His words caught in his throat, exhaustion rippling through him like tidal waves as his vision grew momentarily dark. Returning to awareness, he discovered himself being lead towards the jump seat by all three friends. Within, his double pulse raced rampant. Did... did he nearly pass out? No, no, he couldn't—

A uncomfortable tickle ran up the back of his throat. He involuntarily arched his back into the sturdy cushion, and coughed up a sum of excess regenerative energy, the portion expelled out of his blood stream and through his lungs after all cells had been properly repaired and replaced. It floated towards the upper atrium of the TARDIS in swirling, dainty tendrils. Jack, Rose, and Donna all watched soberly as it eventually dissipated in midair.
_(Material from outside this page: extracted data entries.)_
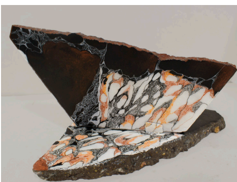
Figure 2. Fragments (2), mixed media painting with casted concrete, bronze oil pigment and resin, 9"x11.5"x1", 2022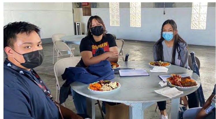
the U.S. Department of Education, American Rescue Plan to the Outlying Areas, State Educational Agency (ARP-OA SEA).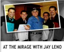
AT THE MIRAGE WITH JAY LENO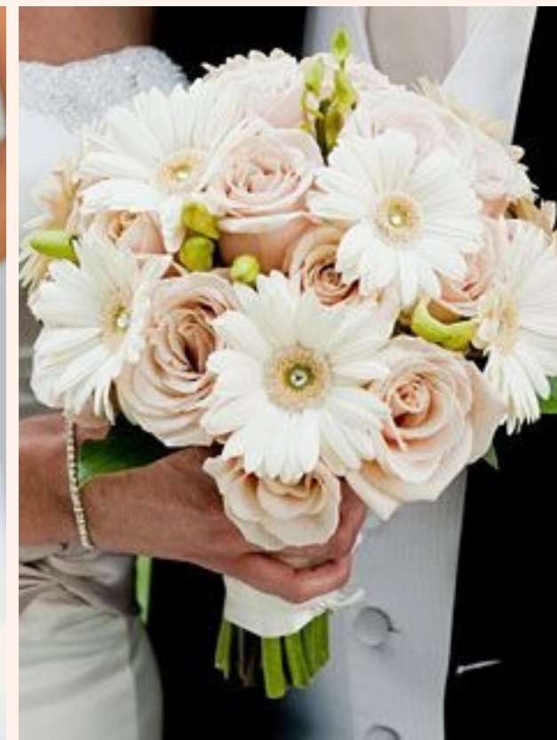
BQT-21 ROSES & DAISIES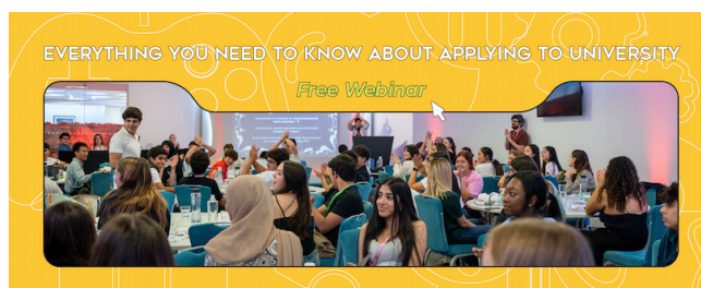
Free Webinar for Students & Parents

We know that university applications can feel overwhelming for both students and parents.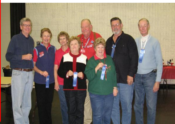
Bean Bag Baseball Winners.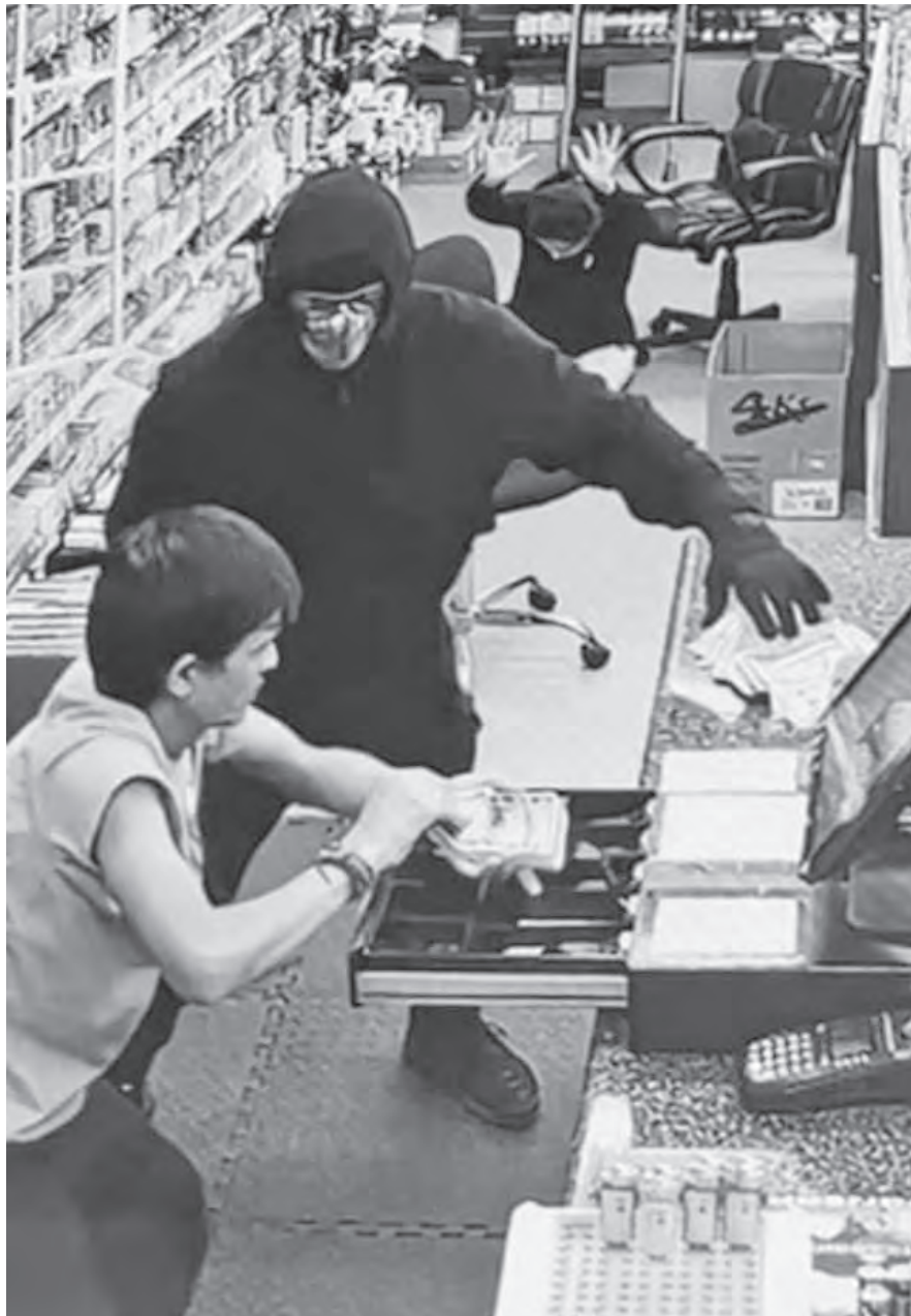
Manchester City Police officers are investigating an armed robbery at Royal Tobacco on old U.S. 421 early Monday morning.

"She thanked me for saving her dad's life," he said. "He's doing a lot better she told me. I'm just glad I was there and able to help him."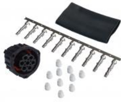
D11868 CONN - AMP connector 7-way female connector repair kit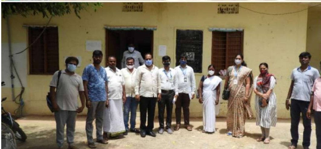
Village level and Gram Panchayat survey in District head quarters of Manchal Gram panchayat, Manchal village about socioeconomic status and health status of villagers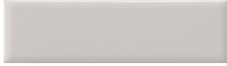
Beige 3x10 in Pressed - Glossy/Matte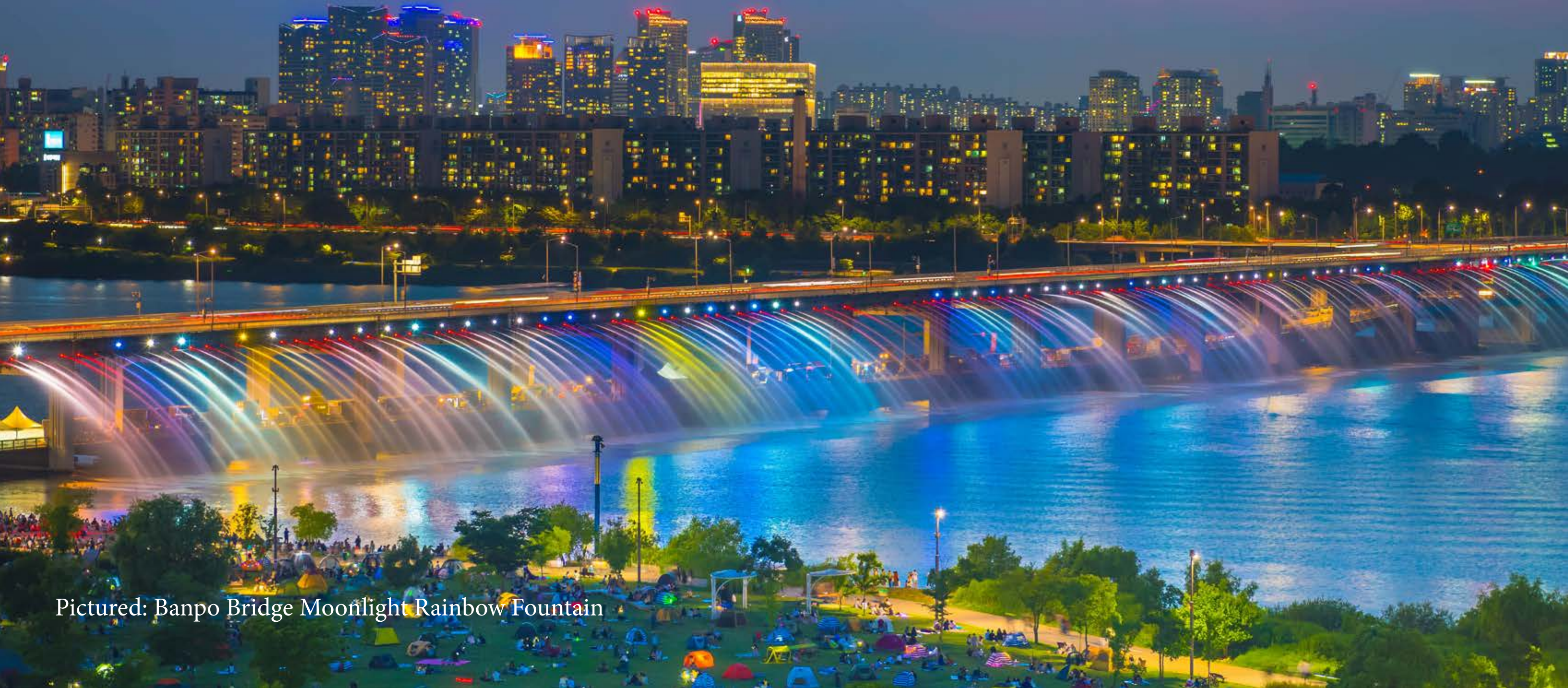
Pictured: Banpo Bridge Moonlight Rainbow Fountain

While traveling around Seoul, there are many neighborhoods and towns that have many places you can visit to shop, eat, and explore. From visiting museums and exhibitions, trying new cultural food at restaurants and cafes, to shopping at malls and on the streets, these towns have so much to offer for foreigners, families, and friends.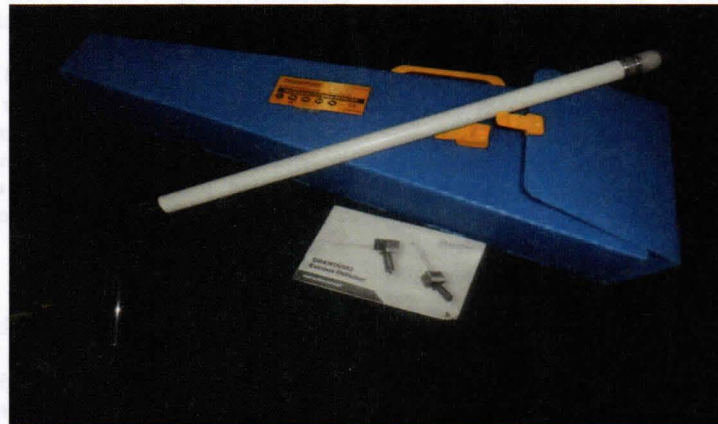
Figure 1 Draminski Heat Detector, Poland

Research was conducted in some farm area: Surabaya, Gresik, Pasuruan, Tuban, Batu, Kediri and Pujon. It was done within 9 month, from February to November 2014. Estrous synchronization was done to 40 head of cows with twice injection PGF2 \alpha in submucose of vulva. Estrous cows then grouped into 4 with each group consisted of 10 head. Control group was inseminated by sexing semen ("Male sperm") in best time of insemination. Time determination using Heat Detector as shown in Figure 1.

"I can't go out there," he realized, the blinding truth of the matter impacting him like a boot to the face. "I- I can't leave the TARDIS."

"Why not?"

"Because? Because, if they got their hands on me in the state I'm in right now, they'd have disastrous power! Rose," he said, loosely grasping her arm like a lifeline as he felt his hold on consciousness weakening. "It's like the pilot fish. Remember those pilot fish? Listen, you can't let them find me in here! I'll try to shield myself, but that's no guarantee that- that..."

Just before he blacked out and his left heart stopped beating, the last five or so minutes of his memory replayed at rapid. Every decision, every footstep, every word. Briefly, he wondered what might have been, every turn or flip of the dial in time's enigmatic design. Every possibility, an infinitude of them.

But mostly, he wondered where he'd gotten it wrong.